The final app runs at: https://sebastianwolf.shinyapps.io/customshinyinput/

What is important for a custom shiny input?

These are the chapters I will go through to build an app with custom shiny inputs and the things you need to know to do it yourself:

  1. Know how to find fancy and easy to implement inputs
  2. Know some basic HTML and JS for the setup
  3. Know how to start with the JavaScript InputBinding file
  4. Know what your getValue function looks like
  5. Know what your subscribe function looks like
  6. Know how to handle the input
  7. Don’t build reactive stuff about you input in R, do as much as possible in JavaScript

The example

My example is pretty artificial, but there is a reason for that. I want to make it hard to get the value of the input and use jQuery, because it has a lot of really cool features and is already included in shiny . So let’s imagine you want to define two colors. One is your bar border color, the other is your bar fill color. Both shall be entered using a color picker. Upon being too close (e.g. red and dark red) there shall be a little note on this. I will do this using the Telephones by region App from the Shiny Gallery because it includes a barplot. But let’s start from scratch

1 Know how to find fancy and easy to implement inputs

The app shall get two inputs that allow you to choose colors. Such inputs are called color pickers. This tutorial will deal with jQuery inputs. JQuery is easy to learn and already included in shiny. So let’s start searching for inputs by googling the following: “colorpicker jquery” .These are my results:

Results for googling jQuery colorpicker

Let’s double check the first two. The ColorPicker — jQuery plugin looks like that from the code description (https://www.eyecon.ro/colorpicker):

$('#colorpickerHolder').ColorPicker({flat: true});

or on the page “Implement”

$('input').ColorPicker(options);

The Spectrum color picker (https://bgrins.github.io/spectrum/) documentation looks like that from the code description:

You can already see a difference in documentation. While spectrum gives you the HTML element to use + the JavaScript code, ColorPicker leaves you with some pure JavaScript code. This is something you should be aware of. If you use the first one, you might have to find out what the HTML has to look like on your own.

Second of all you shall be aware that it might be hard to derive the value of the color picker. Later in this tutorial I will talk about the getValue function of R-Shiny custom elements. In this case it is actually kind of easy, as the inputs work as real input elements. input elements can be read in jQuery using

$('input').val()

So please try to always use custom inputs that can be designed as html elements. Additionally if the input like for spectrum is just a basic you can stick to shiny standard inputs in your code, meaning you can reuse something like the shiny function textinput as it also produces a element, but covers additional features like a label.

So for reasons of simplicity and documentation I will use the spectrum.js color picker.

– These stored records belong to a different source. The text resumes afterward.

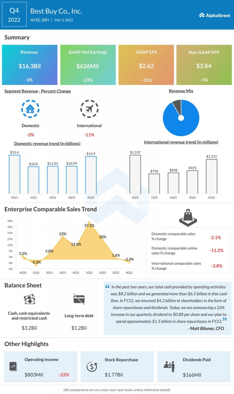 Best Buy Co. Inc. (NYSE: BBY) reported the fourth quarter of 2022 earnings results today. Enterprise revenues decreased...
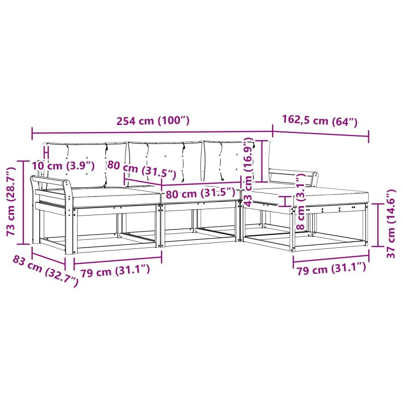 Този комплект за външни дивани съчетава модерен стил и красив дизайн, идеален за преобразуване на всяка градина, патие или зона около басейн в уютна обстановка за релакс и социализиране. Направен е от здраво акациево дърво с наситен кафяв цвят, което не само подобрява визията, но и предлага стабилност срещу различни метеорологични условия. Модуларната конструкция осигурява гъвкавост и креативност при подредбата, независимо от размера на пространство. Конструкция от масивно акациево дърво Този комплект мебели е изработен от независимо устойчиво на времето акациево дърво. Богатият кафяв оттенък добавя стил на всяка градина, а естествената му устойчивост осигурява дълготрайност и красиво излъчване с времето. Модуларен дизайн Предлага гъвкавост в подреждането, така че да можеш да конфигурираш седалките, както ти е удобно. Решетъчната структура осигурява ефективно отводняване при дъжд, което удължава живота на мебелите ти. Устойчиво на времето покритие Проектиран да издържа на външни условия, този комплект запазва яркостта и цялостта си, без значение от времето – от слънчеви дни до дъжд. Ергономичен комфорт Проектиран с удобство на ум: решетъчната облегалка поддържа гърба ти, предоставяйки комфорт при дълги часове на релакс. Лесна поддръжка Поддържай комплекта с покривала, когато не го ползваш, избягвай пряка слънчева светлина и просто избърсвай с влажна кърпа! Така ще му осигуриш дългогодишна красота и удобство.
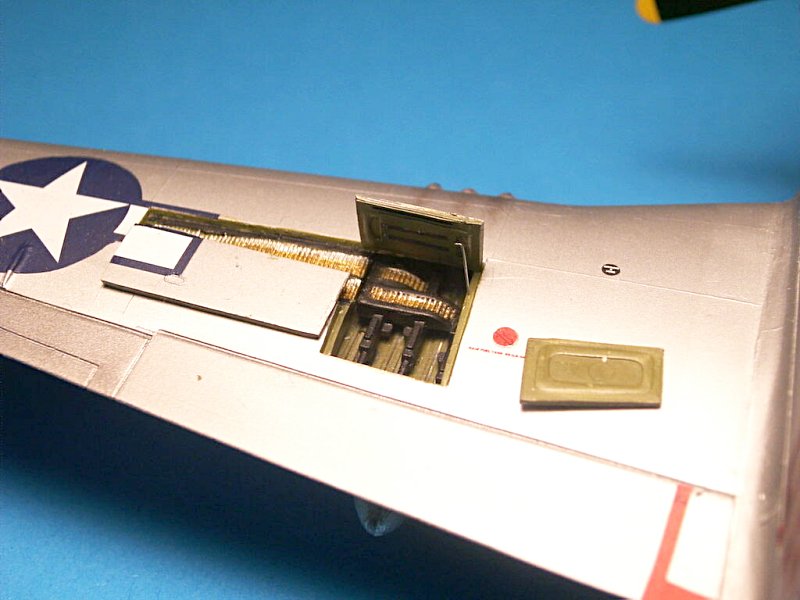 Die Flügeloberseiten der Mustang waren übrigens oft herstellerseits bereits verspachtelt und wurden dann silbern überlackiert, so dass hier keine unterschiedlichen Metalltöne zu erwarten sind, von den Wartungsklappen vielleicht mal abgesehen. Versiegelt wurde mit Metalizer-Sealer, auf dem die Decals gut hafteten. Mein Modell zeigt die Maschine von Lt. Marvin Arthur, 334th Fighter Squadron 4th Fighter Group, U.S. 8th Air Force, stationiert in Debden, England 1944. Als interessante Alternative bietet der Decalbogen von Revell auch noch eine P-51 der Schweizer Luftwaffe an,
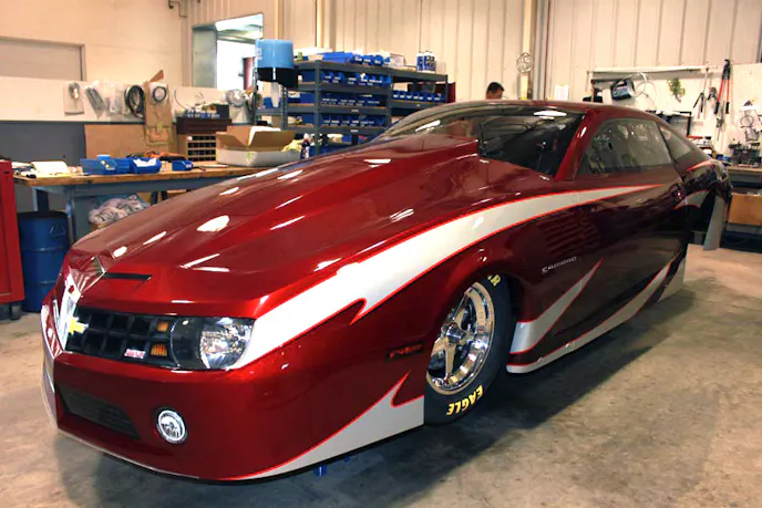 Here’s a sneak peek look at Anderson’s beautiful new Summit Racing Camaro out of the paint booth and receiving the final touches. If there were ever a body that demands the discontinuation of hood scoops, this is the one.
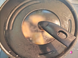 蓋をして揚げると、中まで火が通るので便利ですが、蓋の水蒸気が下に落ちると、跳ねて火傷の心配があるので、水平に動かして、水が落ちないように気を付けてください。
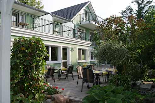 Auf dem Bild sieht man den schönen grünen Garten mit der Frühstücksterrasse
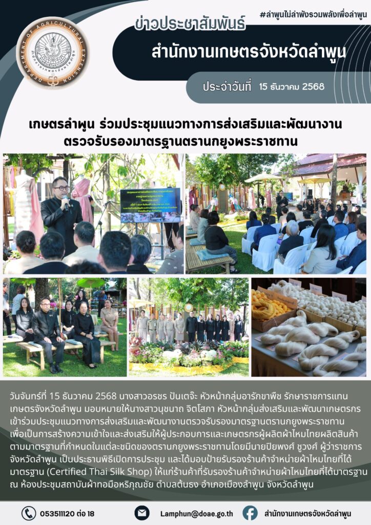 เกษตรลำพูน ร่วมประชุมแนวทางการส่งเสริมและพัฒนางานตรวจรับรองมาตรฐานตรานกยูงพระราชทานBy admin_doae / 16 ธันวาคม 2025
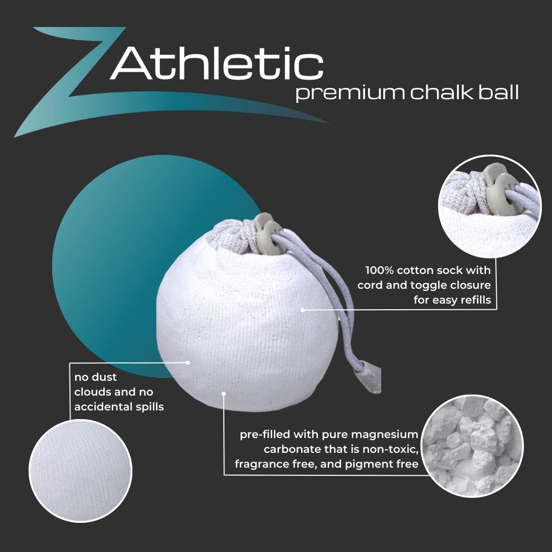 Enjoy a reliable and dry grip with a Z Athletic gymnastics chalk Ball Whether youre a gymnast, ninja, rock climber, or weightlifter, our exceptional chalk ball allows you to enjoy a secure and confident hold Our white chalk is formulated with pure magnesium carbonate, allowing you to maintain a strong hold without the distraction of fragrance or pigments Inside a 100% cotton refillable sock, our chalk ball contains no fillers, dyes, or added fragrance, ensuring a clean and effective chalk experience When you run out or run low, simply refill with loose chalk Our chalk for weightlifting, climbing, and gymnastics is designed to be less messy and longer-lasting Simply squeeze the chalk ball to coat your hands evenly for a continuous and reliable grip throughout your workout or routine We understand that every athlete is unique, which is why we offer a range of sizes to cater to your needs choose our 2oz chalk ball or opt for our 3oz chalk ball, perfect for frequent users Our gym chalk is not just for adults - its also ideal for the little champions With our chalk for kids, young gymnasts can enjoy the same benefits of enhanced grip and control during their practice sessions Our hand chalk is not limited to one discipline Whether youre engaging in gymnastics, ninja training, rock climbing, or weightlifting, our versatile chalk provides the perfect grip you need to excel in your chosen sport Invest in top-quality gym chalk blocks that deliver exceptional results Dont settle for subpar chalk powder when you can have the best workout chalk at your fingertips
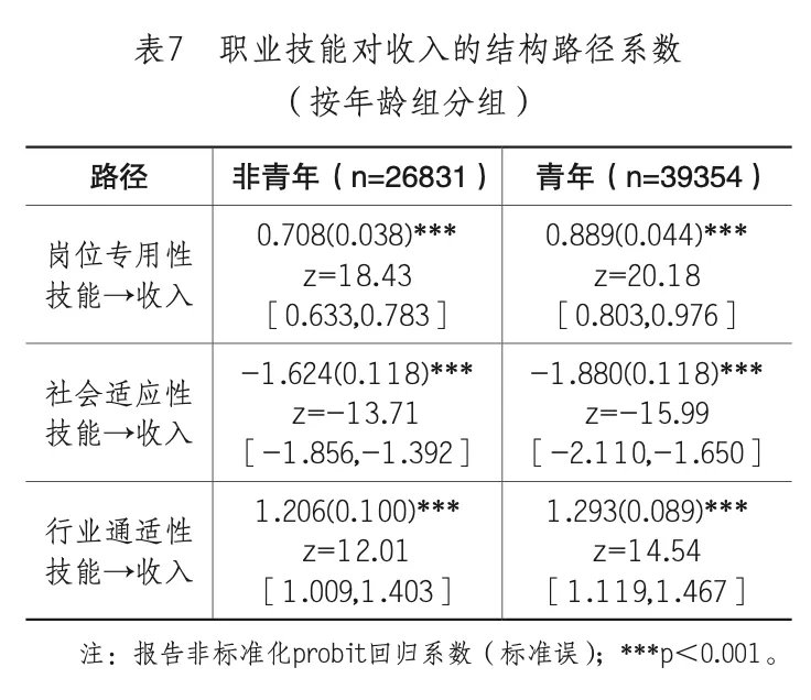 在性别差异分析的基础上,进一步将样本按年龄划分为青年(≤35周岁)与非青年(>35周岁)两组(青年n=39354;非青年n=26831)。研究采用多组结构方程模型(WLSMV估计)检验了职业技能与收入关系的年龄差异。施加载荷不变约束后模型拟合显著下降(Δχ2(4)=13.33,p=0.010),提示同一技能维度在青年与非青年群体中由各题项所反映的程度并不完全一致。因此,以下年龄组间结构路径比较主要用于描述性呈现与探索性分析,其解释聚焦于方向与相对强度,不作严格等值前提下的精确推断。在此基础上,对“三条技能→收入结构路径”的比较显示,三类技能对收入的影响方向在青年与非青年群体中保持一致,但回报强度存在一定差异(见表7)。其中,仅“岗位专用性技能→收入路径”存在显著年龄差异(Δχ2(1)=9.65,p=0.002),且该技能的收入回报在青年组中更强。社会适应性技能与行业通适性技能路径的跨组差异均不显著(p>0.05)。

Takeaway #1: Search for jQuery based tools that provide HTML in their tutorials

2 Know some basic HTML and JS for the setup

This chapter is about the front-end setup of your custom input element. Therefore you need to know some basic HTML. First thing to know: what is a class and what is an ID. Please read this at the desired links on w3schools if you do not know the difference.

Your custom input shall have both. An ID to make it easy to use the spectrum.js, or any other JavaScript feature you will stumble upon. Most of such special input features use IDs. Additionally you shall use a class, to make it reproducible. You may want to have multiple of your custom input elements in your final shiny app. Therefore they shall all get one class to look the same or behave the same.

The element we want to build shall be a div element with a specific ID and two color pickers inside. From the spectrum.js website we know one color picker looks like this:

So the things we have to replace are:

  • the id
  • the default color

Additionally I already mentioned a shiny::textInput also generates this code inside e.g.

shiny::textInput(inputId = "custom")

produces

as one part of its code. Meaning we can build a shiny + spectrum.js input like this in R:

Of course you do not want to hard code the word “custom” here. Using the glue -package we can generate a pretty nice id parser. Additionally wrapping our two textInputs inside a div function and use glue to also parse the JavaScript code inside. Finally we get a function that will generate an input element including two text inputs where one is shiny made and one is custom made by HTML code (see below). Additionally the necessary JavaScript code for spectrum.js is parsed underneath the elements. We use the value preferredFormat: 'hex' as we like to get hex color values in R as a return.

Placing the spectrum.js and spectrum.css files at the right place

Now inside your shiny app there are just two files missing. You can find both in the spectrum.js tutorial. You need to source the JS and CSS files. This is necessary for the app to work. Therefore you download spectrum.js from their website and place the “spectrum.js” and “spectrum.css” files in the “www” directory of your app (here “customshinyinput”).

Now you can source both files using the html sourcing procedures:


spectrum.css' />

In shiny it looks like this:

tags$head(
tags$link(rel = "stylesheet", type = "text/css",
href = "spectrum.css"),
tags$script(src="spectrum.js")
)

The full app with finished user interface you can then create would include just your custom input in the UI:

and look like this:

Image of custom_inputs_lessonone.R Shiny app

Now you can see that spectrum.js took over your shiny::textInput and made it a color picker input. This is not really a custom input. But you can already see it is a nice feature that you can have a simple text input that allows you to read colors.

Note: This is not a custom shiny input, as we do not receive the input values, yet. In the next chapter we will make it a real custom input.

Takeaway #2: Try to use Shiny Input Elements inside your custom elements.

Takeaway #3: Do not forget to source the JavaScript and CSS files of your custom element.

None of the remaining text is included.